Start small with one or two channels. Measure results. Expand where you see traction.
For Shoppers
Understand the Tradeoffs Marketplace shopping is fast and familiar. Open protocol shopping via AI agents provides broader comparison and potentially better deals.
Your payment data is either centralized (marketplace) or distributed (open protocols). Consider which approach aligns with your privacy preferences.
Leverage Both Use marketplaces for routine purchases where you know what you want. Use AI agents for research and discovery when exploring options.
Stay Informed The AI shopping landscape is evolving rapidly. What works today may change tomorrow as platforms add features and policies shift.
The Verdict: Which Approach Will Dominate?
The honest answer? Both will succeed in different ways.
Closed marketplaces aren't going anywhere. Amazon's dominance is too strong, its convenience too compelling, and consumer habits too ingrained. Millions of shoppers will continue starting and ending their journeys within marketplace walls.
Open protocols will grow significantly. As AI agents become more capable and trusted, shoppers will increasingly use them for discovery and comparison.

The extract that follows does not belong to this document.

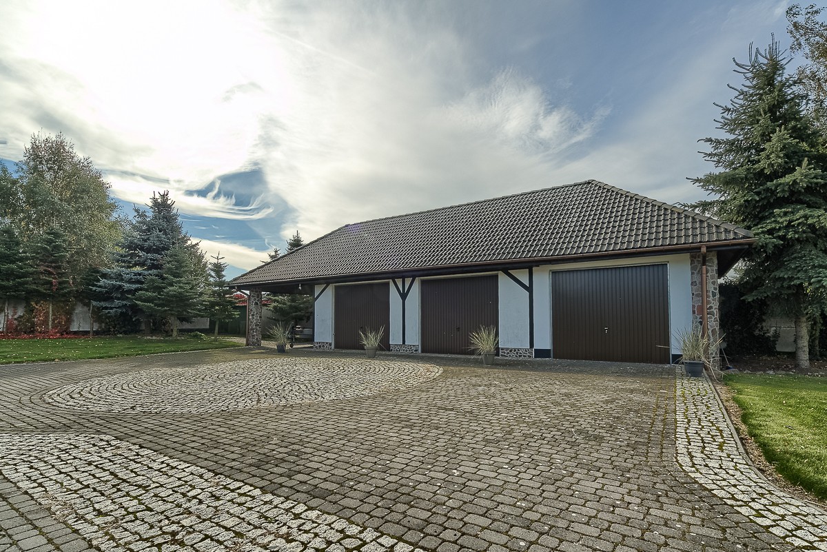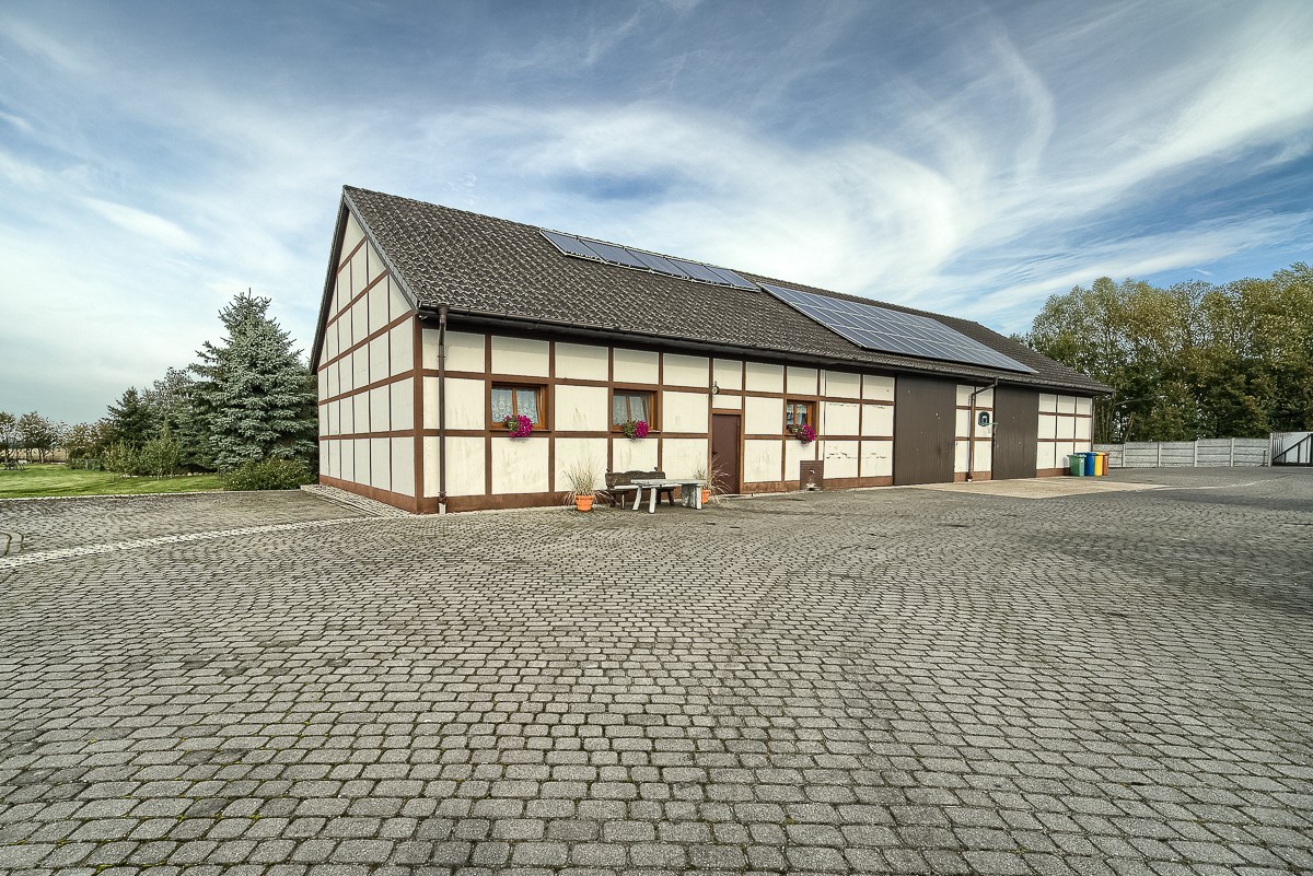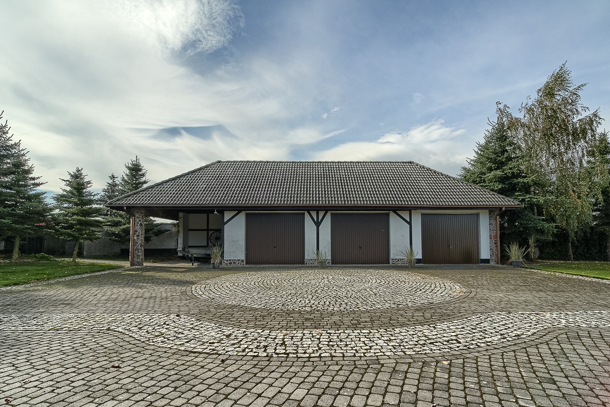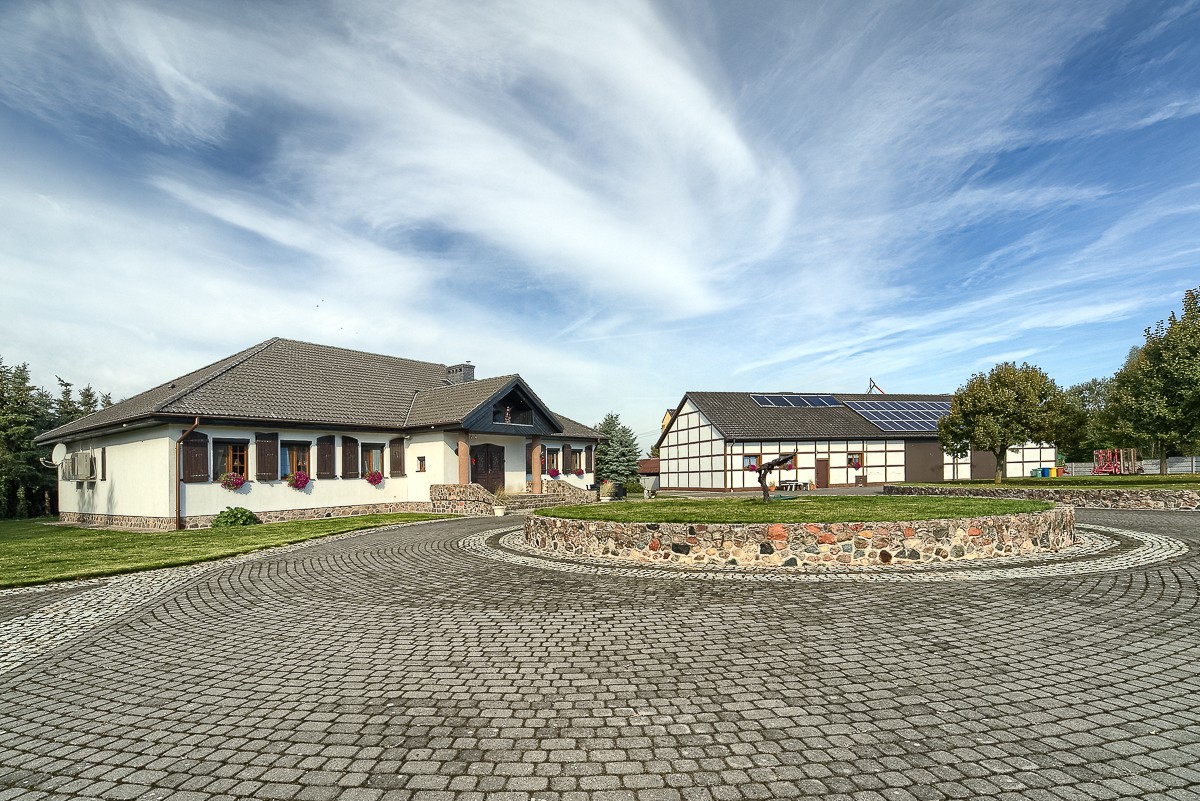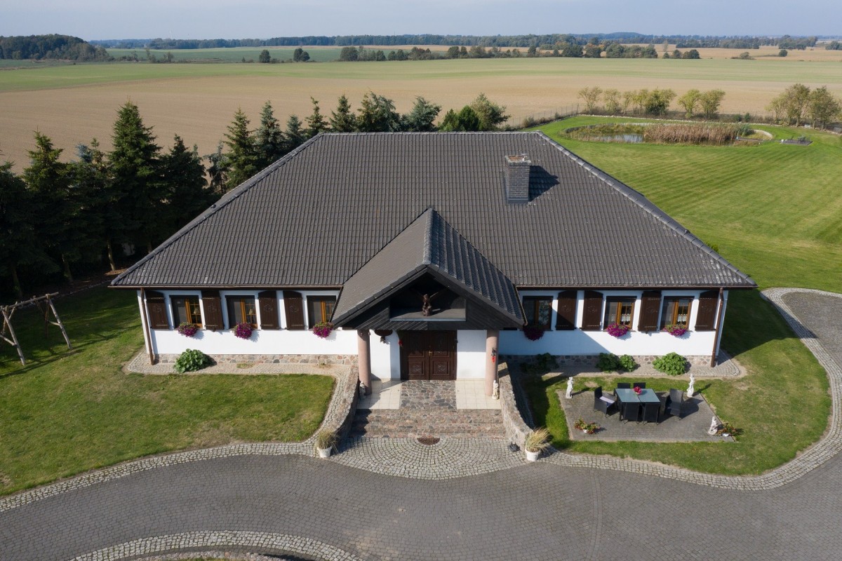 Wszystkie budynki gospodarcze pokryte dachówką cementową Braas. Budynek mieszkalny pokryty dachówką ceramiczną Braas.

Merchants will embrace protocols that let them reach customers across platforms while maintaining brand control.
The real question isn't which approach wins, but how quickly open protocols capture share from search engines and walled gardens.
The global agentic commerce market could reach $3-5 trillion by 2030, with the U.S. B2C retail market alone seeing up to $1 trillion in orchestrated revenue from agentic commerce.
This massive opportunity will be split among:
- Established marketplaces defending their territory
- Open protocol platforms enabling cross-merchant shopping
- Hybrid retailers using both approaches strategically
- New entrants building AI-native shopping experiences
Getting Started Today
The future of AI-driven shopping is arriving now. Here's how to participate:
Merchants:
- Review your product data quality
- Check if your e-commerce platform supports UCP or Agentic Commerce Protocol
- Monitor traffic from AI sources
- Test one integration as a pilot
Consumers:
- Try AI shopping agents like ChatGPT's Instant Checkout or Google AI Mode
- Compare results with traditional marketplace shopping
- Provide feedback to improve recommendations
Platform Providers:
- Implement open protocol standards
- Prioritize data security and fraud prevention
- Focus on user experience and trust
The shift to agentic commerce represents the biggest change in online shopping since the rise of e-commerce itself. Understanding the difference between open protocols and closed marketplaces helps you make informed decisions about where to shop, where to sell, and what to build.
Both approaches offer value. The winners will be those who leverage the strengths of each while adapting quickly as the landscape evolves.